In experiment 3, elevated pOC levels in 1× and 7× Immo rats were followed by recovery to control levels after 24 h. It should be noted that there is a delay in the effects of elevated corticosterone on pOC of 1.5-4 h (26, 32). This would explain the observation that pOC during or at the end of Immo may be increased in the presence of very high corticosterone levels, yet markedly decreased after 2 h. However, both basal plasma levels and bone OC were significantly decreased in older, chronically Immo rats. The combined effects of the stress hormones are important in restoring pOC levels to baseline values, because in the absence of corticosterone or sympathetic neural input (NE), pOC levels remain highly elevated (33). The effect of repeated Immo on tyrosine hydroxylase, the rate-limiting enzyme in the biosynthetic pathway leading to NE, is to decrease mRNA expression and enzyme activity (27, 36). Because decreased NE allows an increase in OC (33), this adaptive response would tend to blunt the post-Immo decrease in pOC, even though elevated corticosterone acted to decrease OC synthesis. Any short-term effect on the OC in bone of 1× and 7× rats would be small and masked by the high concentration already incorporated. After 8 wk of repeated Immo, bone OC concentration was decreased by 20% in vertebrae that were also lighter by 12% than those of control or 1× rats. It is likely that the repeatedly elevated corticosterone in these animals impaired osteoblast function, synthesis of OC, and the corresponding accumulation of OC in bone over the 8-wk duration of the experiment. If, as others have suggested, the pOC originates on the bone surface, then the pool of bone OC available to respond to subsequent Immo would be diminished. Our data support this possibility.

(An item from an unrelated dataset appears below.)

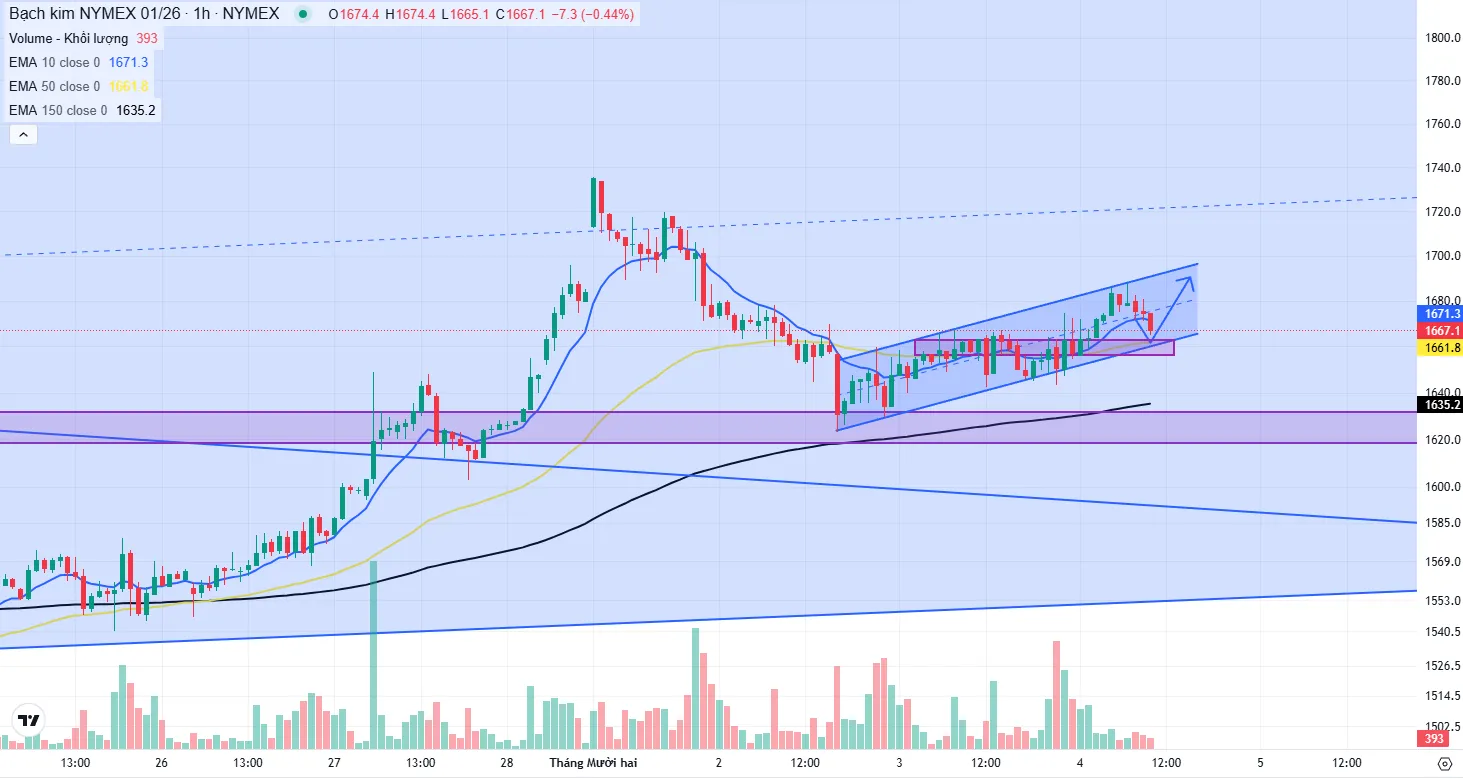 Bạch kim (Platinum) tiếp tục duy trì trong kênh giá tăng trung – dài hạn, thể hiện xu hướng vững mạnh:

The role of OC in bone has not been definitively elucidated. It has been implicated in control of both resorption and formation. Experiments of Glowacki et al. (9) showed decreased resorption of OC depleted bone particle implants. Ducy et al. (8) showed that bone in mice whose OC genes were deleted and that contained no detectable OC grew normally, was stronger and more dense, and had smaller mineral crystals than bones of wild-type mice (8). These data suggested possible autocrine regulation of osteoblast function by OC. This possibility was recently confirmed by identification of putative receptors for OC on osteoblasts (3). Thus decreased bone OC content of chronically Immo rats might be accompanied by a change in mineral quality rather than concentration, due to a combination of decreased resorption and decreased formation. This could provide a protective mechanism for their decreased quantity of bone. It will be important in future work to determine whether decreased OC in response to repeated Immo leads to changes in mineral density distribution.